Monday, May 10, 2010

RNRL: SC ruling shakes up foundation; co needs a new business model

THE loss of one-fourth of the market value of Reliance Natural Resources (RNRL) on Friday may not be the end yet, after an adverse Supreme Court ruling on its gas dispute with Reliance Industries (RIL).
The stock may be headed towards a bottomless pit given that it has no assured revenue stream and that whatever value it derived was on expectation of gas from RIL at a price lesser than what others were paying. The Anil Ambani-controlled company had always said that gas from RIL’s Krishna-Godavari basin will be the primary source of its value. RNRL’s market capitalisation, which never had any linkage with its earnings or asset base, is set to take a further hit.
“The gas supply contract with Reliance Industries is our company’s primary asset and contributes most of its value, affecting the very basis for its creation,” Anil Ambani had said. The Supreme Court on Friday said that RNRL cannot claim gas at a price lower than the government-set price, based on a secret MoU between Mukesh Ambani and Anil Ambani in 2005. Hence, in a way, the judgement has denied RNRL its mainstay. So, the current market capitalisation of Rs 8,370 crore is hard to justify even after a 25% fall in its market value. The current price-to-earnings multiple, or P/E, works out to 114.6 and price-to-book-value nearly five times. It is, therefore, no wonder that despite the stock being traded on the derivatives segment with high volumes, most brokerages don’t cover it.

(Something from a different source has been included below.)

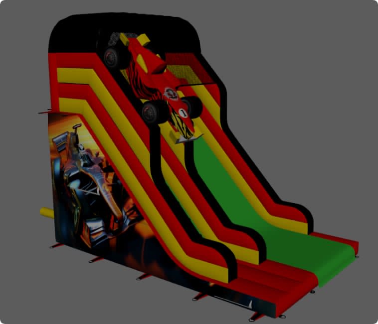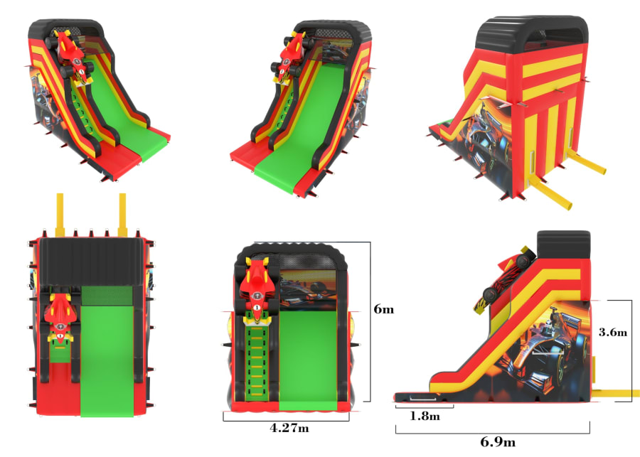 This 12FT Platform 3d race car Slide is our own design and would be a great addition to your hire fleet, Being hirers ourselves for schools and cooperate events we know what really works. This is on another level.

RNRL was floated to source and supply fuels — natural gas or coal —to the power plants of the Anil Ambani Group companies, Reliance Power and Reliance Infrastructure. The company’s net profit for the 12 months ended December 2009 rose 3% to Rs 73 crore. Out of that, Rs 31.6 crore came from sale offtake in Reliance Cementation — a subsidiary, that is set up to build cement plants. RNRL has obtained four coal-bed-methane blocks and holds stake in an onshore oil block. It is conducting research on the three petroleum exploration licences it obtained in 2007. A wholly-owned subsidiary plans to lay a gas pipeline between Kakinada and Dadri and distribute gas in cities. All these projects are still in a nascent stage and it won’t be prudent to attach any value to them.
Another growing concern for the company, if it does not make meaningful progress in establishing its businesses, are its $300-million FCCBs due for conversion in around 18 months from now. In the absence of a business, the holders may not be eager to convert them. Even if it happens for some unknown reason, the equity dilution will be as high as 32% which will dilute whatever little earnings the company has. The conversion scheduled for October 2011 may lead to an issue of 52.6 crore shares. RNRL will not struggle to pay as it has Rs 1,550 crore of cash balance with another Rs 570 crore in mutual fund investments, some from the funds raised by issuing 12 crore equity shares and 29 crore warrants to promoters.
With the cornerstone pulled, it may not be long before the edifice collapses, unless a new one comes in place at the earliest, something which appears rather difficult in the near future.